Toward the end of 1938 Post Office officials suspected that Simon was "rifling the mails" in search of cash or checks.  Decoy letters were slipped into the mail which would end up on his route.  The ruse worked and on February 14 Simon was arrested by Postal Inspector Dowley.

If Red Allen had given the Cedarcliff a musical reputation, it was enormously enhanced when the building was purchased by Lionel and Gladys Hampton.   Lionel, of course, was an internationally known jazz musician and bandleader, later inducted into the Jazz Hall of Fame.  And in his 1991 biography, There and Back, Roy Porter notes that in 1948 he "moved into a building owned by Lionel and Gladys Hampton at 48 St. Nicholas Place."

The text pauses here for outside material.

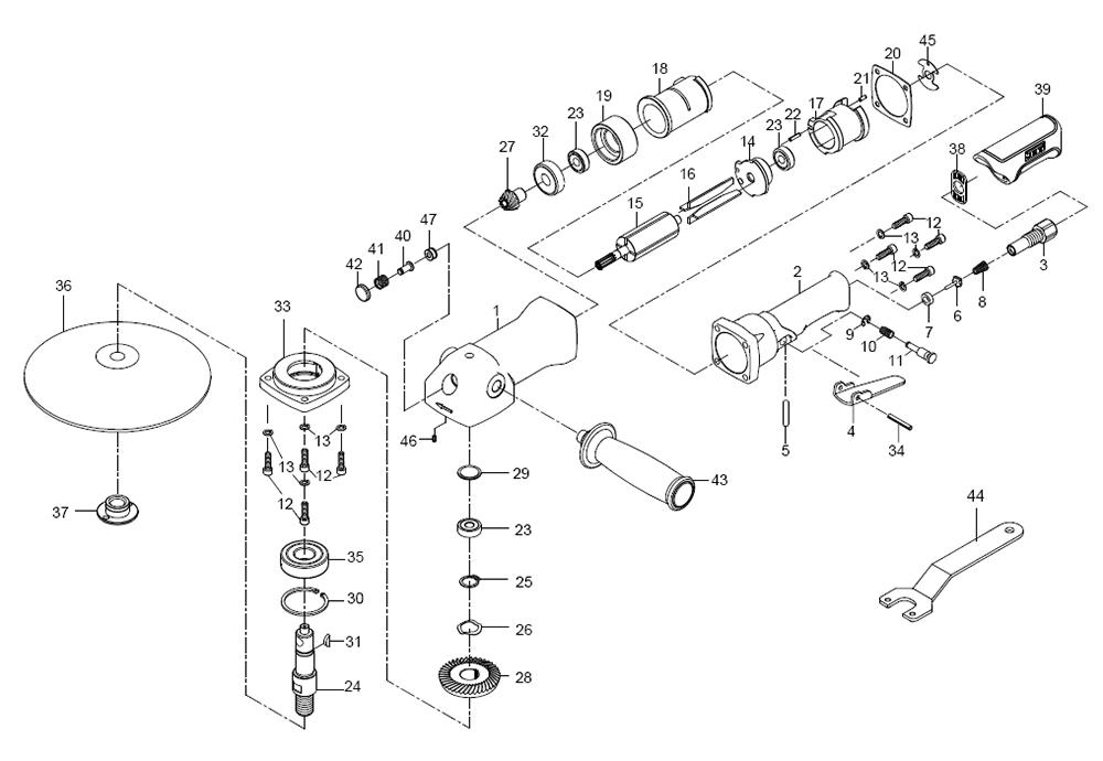 Motor Housing JAT741-01 1Valve Housing JAT741-02 2Air Inlet JAT741-03 3Throttle Lever JAT452-04 4Valve Pin JAT741-05 5Valve JAT741-06 6Valve Seat JAT741-07 7Spring JAT741-08 8E-ring Etw-4 JAT741-09 9Spring JAT741-10 10Throttle Lock JAT741-11 11Screw M5x22l JAT741-12 12"lock Washer TS-2361051 13End Plate JAT741-14 14Rotor JAT740-15 15Rotor Vane 4pcs JAT450-16 16Exhaust Deffector JAT741-17 17Cylinder JAT741-18 18Front End Plate JAT741-19 19Gasket JAT741-20 20Spring Pin 3x6l JAT741-21 21Spring Pin 40317-13 22Ball Bearing BB-608ZZ 23Spindle 5/8in-11 JAT741-24 24Retaining Ring Stw JAT741-25 25Wave Washer Ww-16 JAT741-26 26Pinion Gear JAT740-27 27Bevel Gear JAT740-28 28Spacer JAT740-29 29Retaining Ring Rtw JAT741-30 30Key 3x13 JAT450-34 31Bearing BB-6201Z 32Spindle Cap JAT740-33 33Spring Pin 4x25l JAT741-34 34Ball Bearing 6203z JAT741-35 35Back Disc 5/8in-11 JAT741-36 36Disc Nut 5/8in-11 JAT741-37 37Exhaust Diffuser JAT741-38 38Rubber Grip JAT741-39 39Shaft JAT741-40 40Spring JAT741-41 41Spindle Lock JAT741-42 42Dead Handle JAT450-54 43Pin Wrench JAT741-44 44Motor Gasket JAT741-46 45Set Screw M4x4l JAT741-47 46Bushing JAT740-48 47

Porter was a jazz drummer who backed legends like Charlie Parker.  A year after moving into the Cedarcliff he organized and went on the road with a large band that included Eric Dolphy, Jimmy Knepper and Art Farmer.  Sadly, that was near the end of his glory days.  In the 1950's drug addition forced him to essentially withdraw from the music scene.

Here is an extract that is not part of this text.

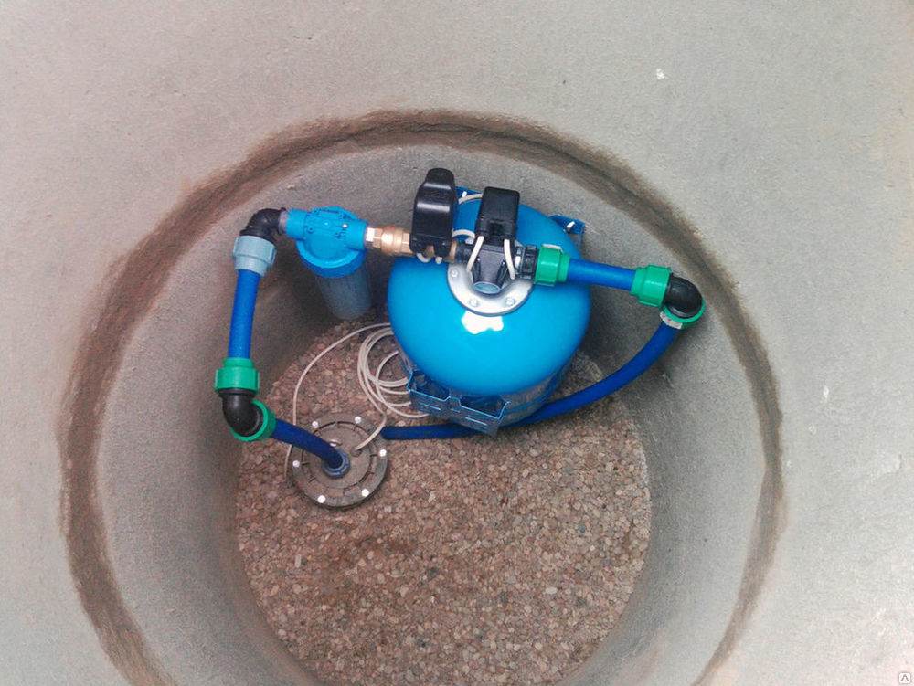 В этом случае преимуществом является то, что все узлы находятся вне дома, но при необходимости их обслуживать, проблем не возникает. Достаточно открыть люк, и все приборы находятся в доступности. Это нужно при обслуживании фильтра, ремонте насоса, ревизии гидробака. Здесь же монтируется обратный клапан, который не позволяет воде стекать в скважину, когда система не активна.

Another notable musician here had nothing to do with jazz.  Edward Margetson, called by The New York Age a "scion of West Indies musicians," operated his studio in his apartment in the early 1950's.  Interestingly, Margetson started his career as an organist and for decades was the organist at the Church of the Crucifixion.  His mother, according to The New York Age, was "considered one of the finest pianists of her time, and his father a skilled choral director on the Island of St. Kitts, British West Indies."

Having studied liturgical, symphonic and chamber music at Columbia University and the recipient of several grants and fellowships; in 1927 Margetson decided to introduce his Harlem neighbors to choral music.  He later explained "They said it couldn't be done...when I became obsessed with the idea that the entire community in which I lived should share the benefits of my musical education.  They said I couldn't interest laymen in joining a choral group, making rehearsals and sacrifices of time for the sheer love of music."

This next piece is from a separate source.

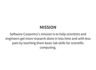 1. Software Carpentry's mission is to teach scientists basic coding skills like shell, Git, and Python to help them do research more efficiently.

But "they" were wrong.  On December 20, 1952 The New York Age reported "The walls of staid Madison Ave. Presbyterian Church still echoed with the sound of vibrant voices and enthusiastic applause Sunday night" following the 25-year old group's performance.  The 47 members of the chorus included "dressmakers, tailors, clerks, laundrymen, housewives and the like."

In the early 1970's Chink Cunningham and his wife, Evelyn, lived here.  Cunningham ran an after-hours club on 148th Street at St. Nicholas Avenue with a partner, Johnny Walker.  According to Sonda K. Wilson in her Meet Me at the Theresa, "Those in the know understood that it was a numbers and bookmaking place.  Cunningham and Walker admitted a select clientele like Joe Louis, Lana Turner, Billy Daniels, Billy Eckstine, Romare Bearden, and Tallulah Bankhead, who loved to gulp down bourbon."

Cunningham was admitted to the Harkness Pavilion of the Columbia Presbyterian Hospital in July, 1973.  Two weeks later, on August 7, he checked himself out.  He died the next morning in his apartment in the Cedarcliff.

On January 7, 1975 a tenant called the elevator, only to find a horrifying sight when it arrived.  The body of 50-year old Eric Illidge was on the floor.  He had been shot in the head.  The New York Times reported "The body had been stuffed into two sea bags, one over the head, the other over the feet."

The renaissance of the Sugar Hill neighborhood has resulted in renovated apartments and an updated lobby; although much of George Fred Pelham's interior architectural details survive.  And outside, those remarkable terra cotta decorations still cause pause.